## Exercise objective
Each entry should be repeated exactly. Its pictures should not be.

## Entries shown
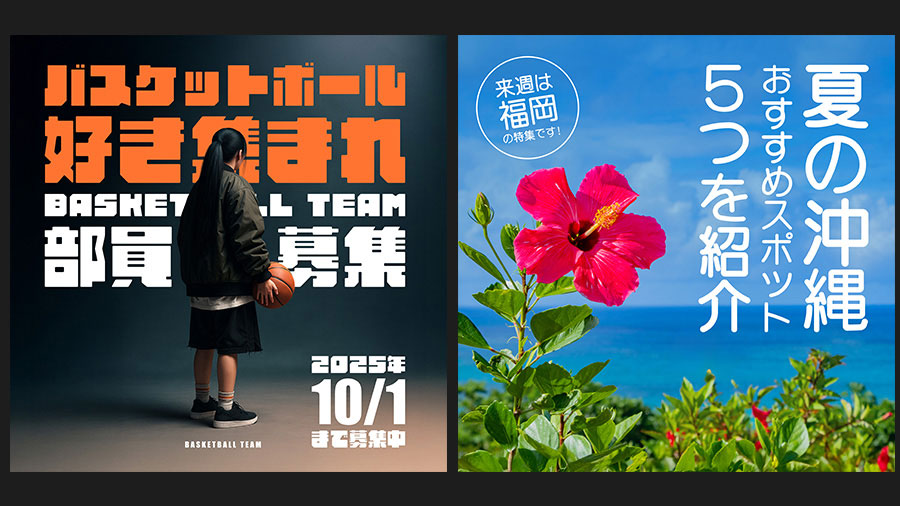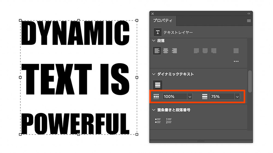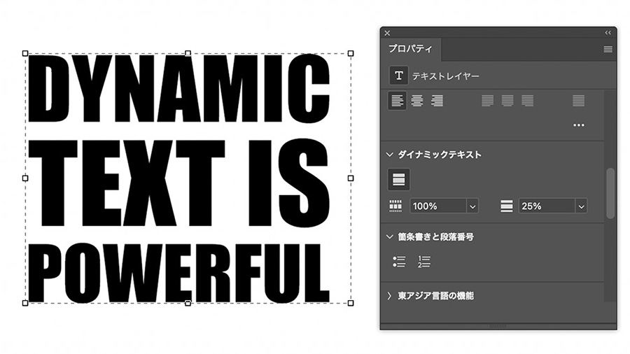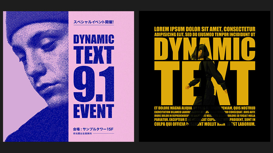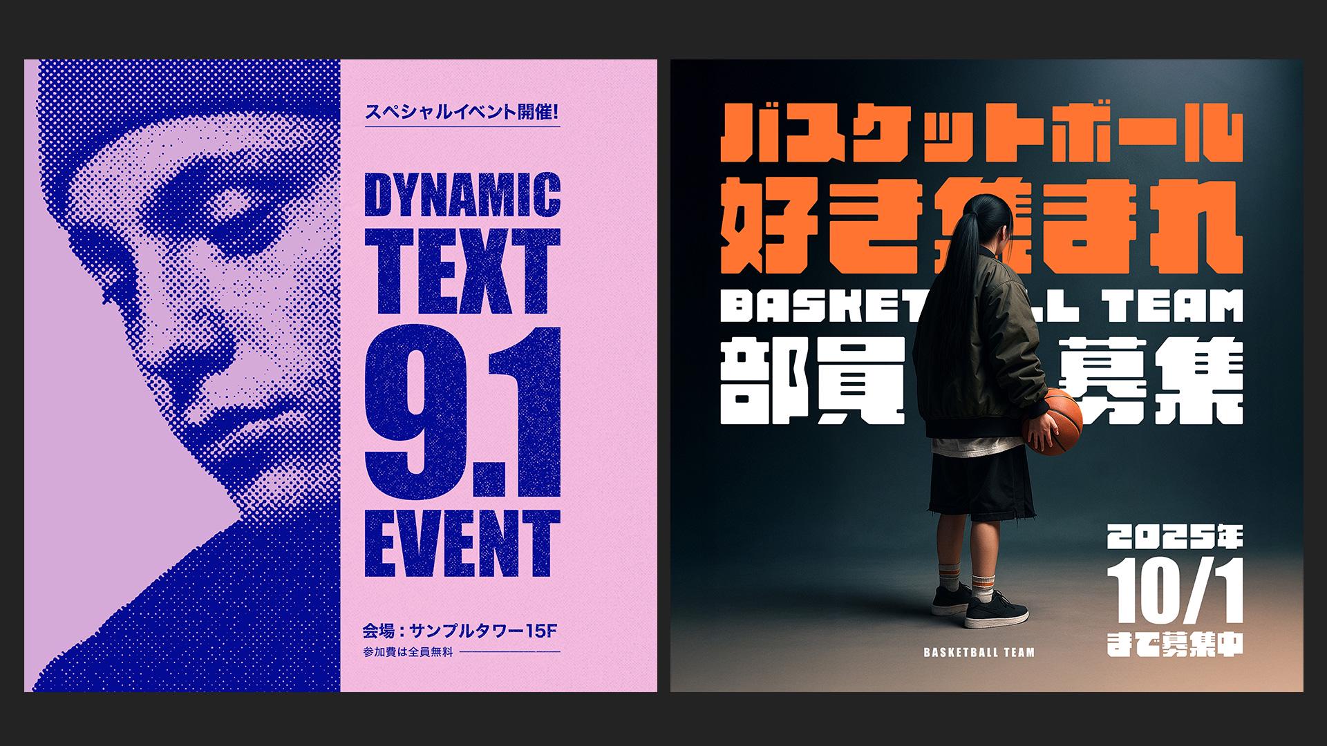 Photoshopの「ダイナミックテキスト」は、テキストボックスのサイズや形状に応じて、文字サイズや改行を自動で調整してくれる機能です。 レイアウトに合わせて文字を無理なく収められるため、SNSバナーやポスターなど、限られたスペースに文字を配置したい場面で特に便利。 これまで手動で調整していた作業が大幅に軽減され、よりスピーディーに美しい仕上がりを目指せます。
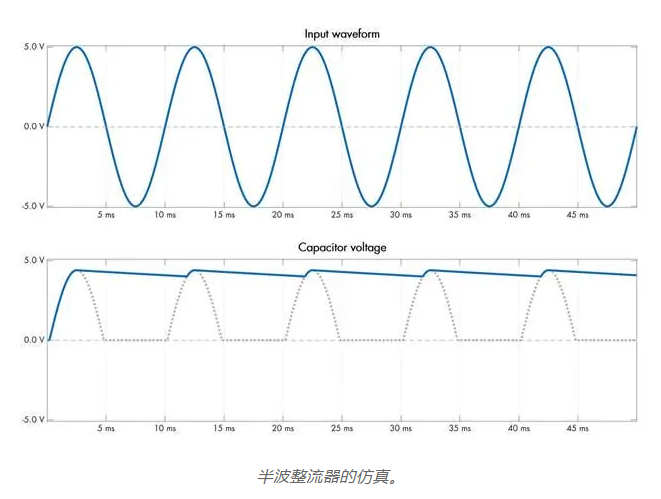在正弦波的正半周期,當電源的上部端子為正時,二極管最初是正向偏置的。假設信號源阻抗較低,這允許電容器充電到等于輸入信號峰值幅度減去某個二極管壓降的電壓。
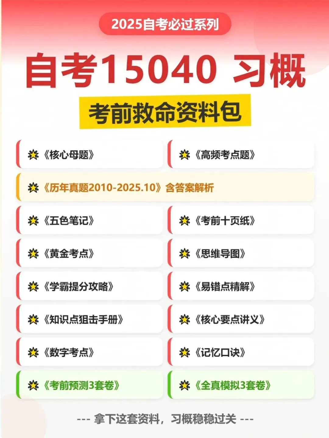 自学考试15040新思想学霸攻略,历年真题含答案解析【2010-2025.10】,五色笔记,考前十页纸,思维导图备考资料包,新大纲刷题软件题库
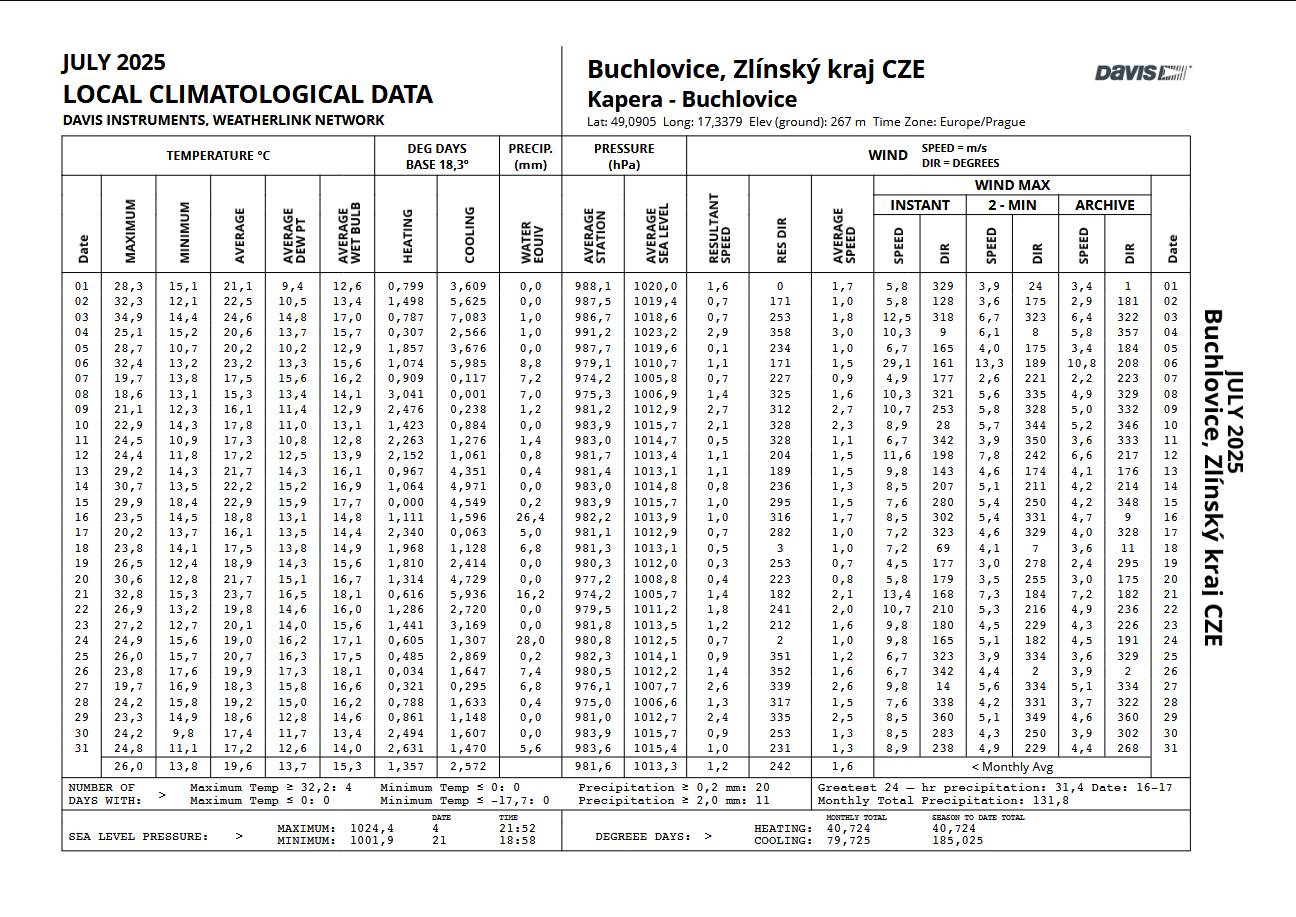 První měsíc dovolených a letních prázdnin se mohl jevit jako deštivý a chladný, to první lze označit kladně, druhé ale už nikoliv. Pokud začneme množstvým srážek, tak těch spadlo v červenci nejvíce od začátku pozorování v roce 2010. Podíl tedy činil 168 % průměru 2011-2020, když budeme brát data ze staničního srážkoměru. Podle davisáckého srážkoměru dosáhl hodnoty 188 %. Po teplotní stránce skončil letošní červenec ale jako normální, byť se zápornou odchylkou od normálu 2001-2020, ten činí 20,5 °C. Po většinu měsíce převládal severní, respektive západní vítr. Z pohledu extrémů je nutno zmínit náraz větru 29,1 m/s (105 km/h) dne 6. během bouřky. Jedná se nejvyšší zaznamenaný náraz za dobu měření od roku 2007. Takže z pohledu dlouhodobého sledování zažíváme teplotně ukázkové průměrné léto. Alespoň dle prvních dvou měsíců.. Co přinese srpen?
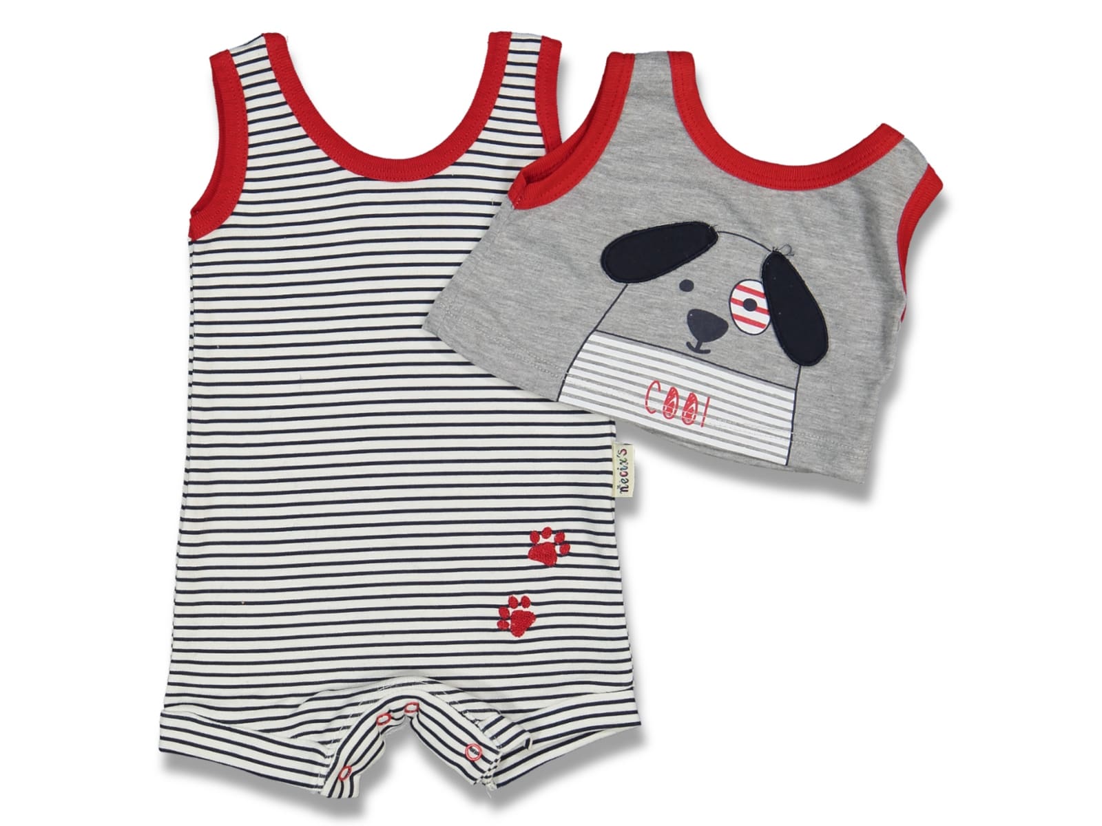 Αμάνικο καλοκαιρινό φορμάκι και μπλουζάκι αμάνικο με ρίγες και σχέδιο απλικέ σκυλάκι κόκκινο, ενώ γράφει και “Cool”. Άνοιγμα με τρουκς στο κάτω μέρος για εύκολη αλλαγή πάνας.
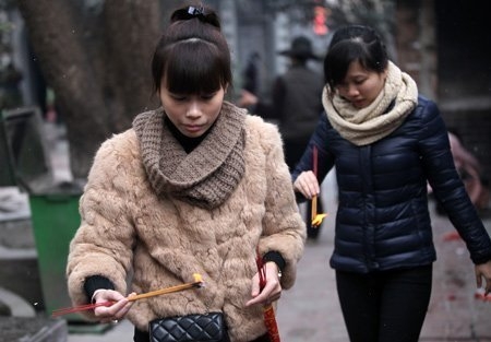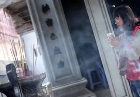 Các cô gái thời hiện đại rất năng đến những ngôi chùa cổ kính cấu an.
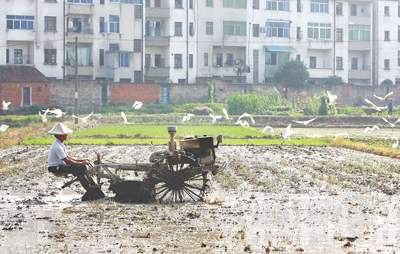 日前,记者途经汤溪镇汤溪村时,看到一群白鹭正围着耕田的农民上下翻飞,自由觅食。田野、耕夫、白鹭,组成了一幅人与自然和谐的乡村美景。
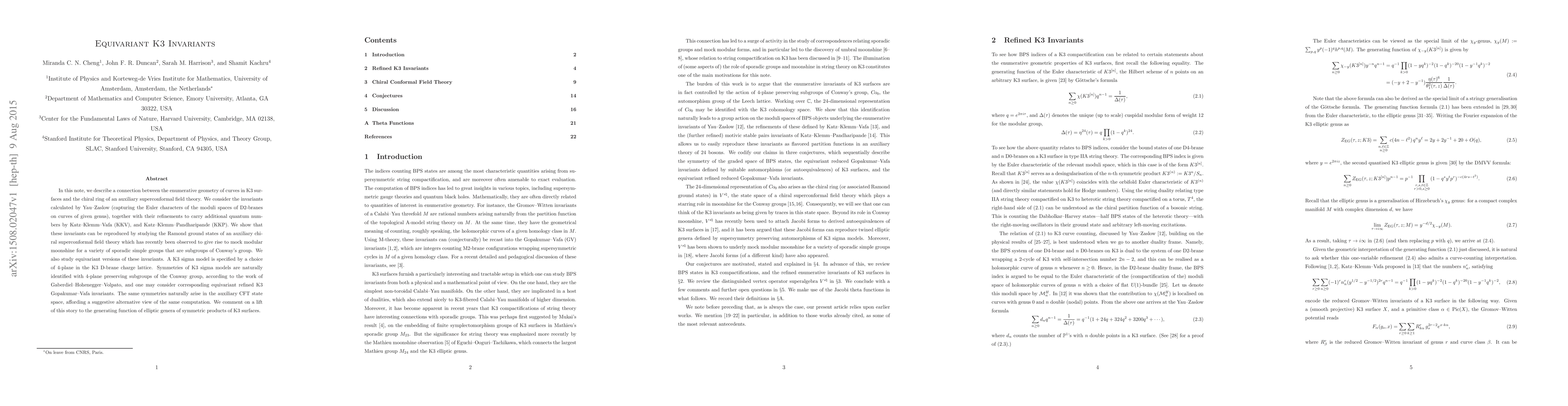This paper establishes a link between enumerative geometry on K3 surfaces and the chiral ring of a superconformal field theory, showing that invariants derived from K3 moduli spaces match those from a related chiral superconformal field theory. It also explores equivariant versions of these invariants, relating symmetries of K3 sigma models to subgroups of the Conway group.
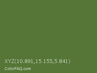 XYZ 10.891,15.155,5.841 Color is a normal green color and the nearest color is Chalet Green #516e3d. Hex code #557636 and RGB value is rgb(85,118,54). In RGB color space, this color is composed of 33% red, 46% green, 21% blue, In CMYK color space, this color is composed of 28% cyan, 0% magenta, 54% yellow , 54% black , In HSL color space, this color has a hue angle of 91° , 37% saturation and 34% lightness.
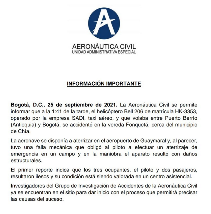 La tarde de este sábado 25 de septiembre, un helicóptero que salió desde Puerto Berrío, Antioquia, con rumbo a la capital del país, se accidentó en la vereda Fonquetá.
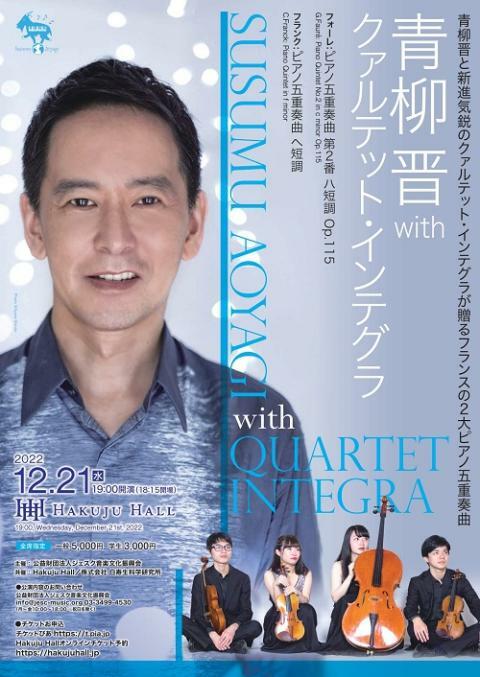青柳晋 with クァルテット・インテグラ 22/12/21(水) Hakuju Hall シェア ツイート 公演情報 ジャンル 室内楽 ピアノ・鍵盤楽器 未就学児童は入場不可。 料金 一般-5,000円 学生-3,000円 学生-25歳以下/公演当日要学生証 表示できるチケット情報はありません詳しくはこちら キャスト&スタッフ 出演 青柳晋 クァルテット・インテグラ お問い合わせ ジェスク音楽文化振興会 シェア ツイート

## Reply
 Photoshopの「ダイナミックテキスト」は、テキストボックスのサイズや形状に応じて、文字サイズや改行を自動で調整してくれる機能です。 レイアウトに合わせて文字を無理なく収められるため、SNSバナーやポスターなど、限られたスペースに文字を配置したい場面で特に便利。 これまで手動で調整していた作業が大幅に軽減され、よりスピーディーに美しい仕上がりを目指せます。
在正弦波的正半周期,當電源的上部端子為正時,二極管最初是正向偏置的。假設信號源阻抗較低,這允許電容器充電到等于輸入信號峰值幅度減去某個二極管壓降的電壓。
 自学考试15040新思想学霸攻略,历年真题含答案解析【2010-2025.10】,五色笔记,考前十页纸,思维导图备考资料包,新大纲刷题软件题库
 První měsíc dovolených a letních prázdnin se mohl jevit jako deštivý a chladný, to první lze označit kladně, druhé ale už nikoliv. Pokud začneme množstvým srážek, tak těch spadlo v červenci nejvíce od začátku pozorování v roce 2010. Podíl tedy činil 168 % průměru 2011-2020, když budeme brát data ze staničního srážkoměru. Podle davisáckého srážkoměru dosáhl hodnoty 188 %. Po teplotní stránce skončil letošní červenec ale jako normální, byť se zápornou odchylkou od normálu 2001-2020, ten činí 20,5 °C. Po většinu měsíce převládal severní, respektive západní vítr. Z pohledu extrémů je nutno zmínit náraz větru 29,1 m/s (105 km/h) dne 6. během bouřky. Jedná se nejvyšší zaznamenaný náraz za dobu měření od roku 2007. Takže z pohledu dlouhodobého sledování zažíváme teplotně ukázkové průměrné léto. Alespoň dle prvních dvou měsíců.. Co přinese srpen?
 Αμάνικο καλοκαιρινό φορμάκι και μπλουζάκι αμάνικο με ρίγες και σχέδιο απλικέ σκυλάκι κόκκινο, ενώ γράφει και “Cool”. Άνοιγμα με τρουκς στο κάτω μέρος για εύκολη αλλαγή πάνας.
 Các cô gái thời hiện đại rất năng đến những ngôi chùa cổ kính cấu an.
 日前,记者途经汤溪镇汤溪村时,看到一群白鹭正围着耕田的农民上下翻飞,自由觅食。田野、耕夫、白鹭,组成了一幅人与自然和谐的乡村美景。
This paper establishes a link between enumerative geometry on K3 surfaces and the chiral ring of a superconformal field theory, showing that invariants derived from K3 moduli spaces match those from a related chiral superconformal field theory. It also explores equivariant versions of these invariants, relating symmetries of K3 sigma models to subgroups of the Conway group.
 XYZ 10.891,15.155,5.841 Color is a normal green color and the nearest color is Chalet Green #516e3d. Hex code #557636 and RGB value is rgb(85,118,54). In RGB color space, this color is composed of 33% red, 46% green, 21% blue, In CMYK color space, this color is composed of 28% cyan, 0% magenta, 54% yellow , 54% black , In HSL color space, this color has a hue angle of 91° , 37% saturation and 34% lightness.
 La tarde de este sábado 25 de septiembre, un helicóptero que salió desde Puerto Berrío, Antioquia, con rumbo a la capital del país, se accidentó en la vereda Fonquetá.
青柳晋 with クァルテット・インテグラ 22/12/21(水) Hakuju Hall シェア ツイート 公演情報 ジャンル 室内楽 ピアノ・鍵盤楽器 未就学児童は入場不可。 料金 一般-5,000円 学生-3,000円 学生-25歳以下/公演当日要学生証 表示できるチケット情報はありません詳しくはこちら キャスト&スタッフ 出演 青柳晋 クァルテット・インテグラ お問い合わせ ジェスク音楽文化振興会 シェア ツイート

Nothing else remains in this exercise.